There is a familiar feeling to those for whom winter is a special season—the tingle one feels on seeing the first flakes of snow drift from the sky or upon drawing open the curtains to find the first snowy morning. Fresh snow brings brightness and new activities following late fall's muddy ground and dreary light. Even when we are no longer young, many of us still tilt our heads skyward and chase falling snow in an attempt to catch the perfect flake on our tongues. When we tire, we may look down at our sleeves or the back of our gloved hands and realize we already have that perfect flake amongst a cornucopia of crystals that fell from the sky and landed perfectly preserved for a moment in time.
Kenneth Libbrecht is clearly one for whom snowflakes remain hypnotic, and he has shared this fascination through nine previous books featuring photographs of snowflakes. If you've seen a photograph of a snowflake, chances are it was taken by Libbrecht. The beauty of snowflakes inspires scientific wonder, and his images serve to share this wonder with a wider audience.
Now Professor Libbrecht adds a somewhat more scientific monograph to his visual snowflake morphology library: Snow Crystals: A Case Study in Spontaneous Structure Formation. The book is the newest in a long series of treatises, perhaps in modern scientific times originating with Johannes Kepler's 1611 “Strena, seu de Nive Sexangula” (On the snowflake, or the six-angled crystal), wherein emergent patterns form the basis for fundamental exploration. Libbrecht's contribution is printed in the format of a textbook, and it appears to have the ambition to cover snow crystals as comprehensively as possible. Given that monographs like Hobbs's 1974 Ice Physics, Pruppacher and Klett's Microphysics of Clouds and Precipitation, and Petrenko's Physics of Ice are several decades old, there is certainly room for an updated reference text.
Libbrecht begins the task with some general descriptions of snowflake phenomenology, which provides context for a short historical account of how many eminent scientists have been inspired by the beauty and uniqueness of the crystals. From Chinese philosophers to Descartes and Kepler, the symmetry, clarity, and diversity of crystals have inspired many thinkers. In fact, attempts to explain their symmetry led to the development of proto-atomistic theories, proposing that the crystals consisted of fundamental building blocks.
The obstacle that Libbrecht faces is that the striking appearance of snow crystals is only the tip of the proverbial iceberg one can explore in the context of ice. On the one hand, ice is unusual among polycrystalline solids in having both liquid and gas forms at temperatures easily accessible in the lab, enabling studies, for example, of the effect of surface disorder on bulk melting. This range of accessible forms makes defining the bounds of icy problems quite a difficult task. On the other hand, the uniqueness of ice, or rather H2O, is its essential role in our environment and lives. The phenomenon that Libbrecht clearly wants to explore is the emergence of visual structures from frozen water molecules. Fundamentally, this is a manifestation of non-equilibrium growth, where the equally stimulating questions related to, for example, how the initial seed forms (nucleation), or what is the surface state (disordered, quasi-liquid, premelted), are of secondary importance when there already exists the driving force for growth.
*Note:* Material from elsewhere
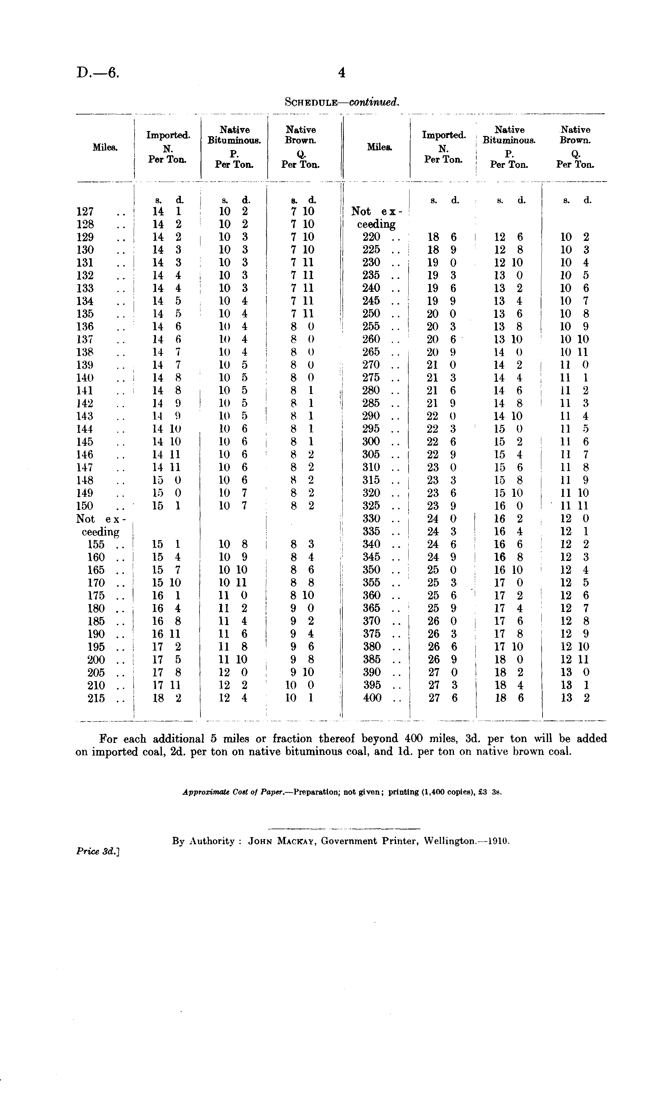 Miles. Imported. N. Per Ton. Native Bituminous. P. Per Ton. Native Brown. Q. Per Ton. Miles. t Native Native Imported. Bitummou8 . Brown N. p Q Per Ton. per Ton per i 127 128 .. 129 .. I 130 131 132 133 134 135 136 137 138 139 .. 140 .. i 141 142 143 144 145 146 147 148 14!) 150 Not exceeding 155 .. J 160 .. 165 .. J 170 .. 175 .. ! 180 .. 185 .. 190 .. 195 .. i 200 .. i 205 .. 210 .. 215 .. a. d. 14 1 14 2 14 2 14 3 14 3 14 4 14 4 14 5 14 5 14 6 14 6 14 7 14 7 14 8 14 8 14 '.) 14 9 14 10 14 10 II 11 14 11 15 0 15 0 15 1 15 1 15 4 15 7 15 10 16 1 16 4 16 8 16 11 17 2 17 5 17 8 17 11 18 2 s. d. 10 2 10 2 10 3 10 3 10 3 10 3 10 3 10 4 10 4 10 4 lo 4 10 4 10 5 10 5 10 5 K) 5 10 5 10 6 10 6 10 6 lo 6 10 6 10 7 10 7 10 8 10 9 10 10 10 11 11 0 11 2 11 4 11 6 11 8 11 10 12 0 12 2 12 4 s. d. 7 10 7 10 7 10 7 10 7 11 7 11 7 11 7 11 7 11 8 0 8 0 8 0 8 0 8 1 S 1 8 1 8 1 8 1 8 2 8 2 8 2 8 2 8 2 8 3 8 4 8 6 8 8 8 10 9 0 9 2 9 4 9 6 9 8 9 10 10 0 10 1 Not exceeding 220 .. 225 .. 230 .. 235 .. 240 .. 245 .. 250 .. 255 .. 260 .. 265 .. 270 .. 275 .. 280 .. 285 .. 290 .. 295 .. 300 .. 305 .. 310 .. 315 .. 320 .. 325 .. 330 .. 335 .. 340 .. 345 .. 350 .. 355 .. 360 .. 365 .. 370 .. 375 .. 380 .. 385 .. 390 .. 395 .. 400 .. s. d. s. d. a. d. 18 6 12 6 10 2 18 9 12 8 10 3 19 0 12 10 10 4 19 3 13 0 10 5 19 6 13 2 10 6 19 9 13 4 10 7 20 0 13 6 10 8 20 3 13 8 10 9 20 6 13 l<) 10 10 20 '.) 14 u 10 11 21 0 14 2 11 0 21 3 14 4 11 1 21 6 14 6 II 2 21 9 14 8 11 3 22 0 14 10 11 4 22 3 15 0 11 5 22 6 15 2 11 6 22 9 15 4 11 7 23 0 15 6 11 8 23 3 15 8 11 9 23 6 15 10 11 10 23 9 16 0 11 11 24 0 16 2 12 0 24 3 16 4 12 1 24 6 16 6 12 2 24 9 16 8 12 3 25 0 16 10 12 4 25 3 17 0 12 5 25 6 17 2 12 6 25 9 17 4 12 7 26 0 17 6 12 8 26 3 17 8 12 9 26 6 17 10 12 10 26 9 18 0 12 11 27 0 18 2 13 0 27 3 18 4 13 1 27 6 18 6 13 2

Libbrecht is most successful when he provides glimpses of the plentiful underlying physics but quickly moves on to the phenomenological. He appears to recognize this and by the halfway mark the text refocuses on creating and cataloging all manner of snow crystals. From creating crystals in the laboratory to observing and imaging fallen snow, the text becomes a handbook for a modern-day Wilson Bentley.
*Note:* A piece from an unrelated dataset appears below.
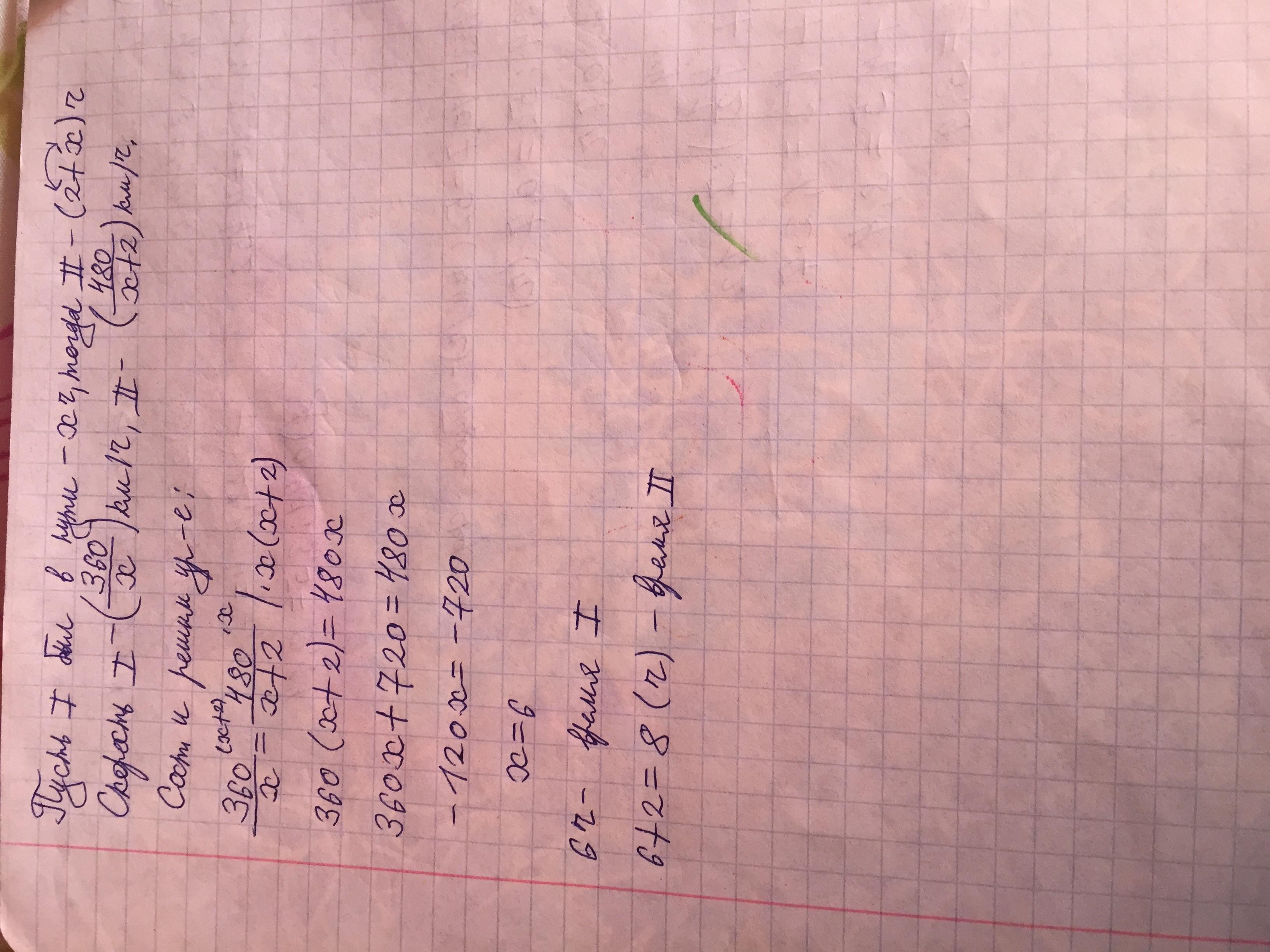 Два автомобиля ехали с одинаковой скоростью. Один из них проехал 360 км, а другой 480 км. Сколько часов был в пути каждый автомобиль, если первый был в пути на 2 часа меньше, чем второй?
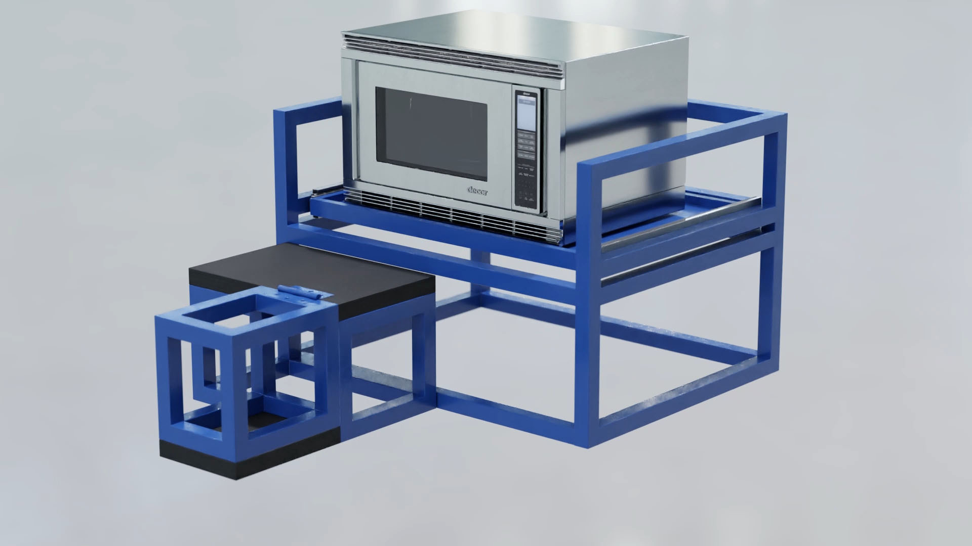 A sliding storage shelf that holds an appliance in an RV or tiny house and provides access to higher areas or items with the use of steps.

I have spent a good deal of time reflecting on where this book fits into a physicist's library—especially in the age of digitized media. At its heart it is not a textbook, or at least not one I could imagine utilizing in any course beyond a specialized seminar. However, Libbrecht's images are wonderful and best viewed on paper, and the book's high quality paper stock and printing make them stand out. This is a book that is fun to return to for the pictures, the technical descriptions—and simply for the wonder. It is well-suited to the scientifically curious, analog generation, and a worthwhile addition to Libbrecht's multitude of more purely artistic contributions.
Erik S. Thomson is a Senior Lecturer in Experimental Atmospheric Chemistry at the Department of Chemistry and Molecular Biology, at the University of Gothenburg in Gothenburg, Sweden. Erik's research focuses on phase transition behavior in the atmosphere and other aspects of physics and chemistry at interfaces—with a keen eye towards icy surfaces.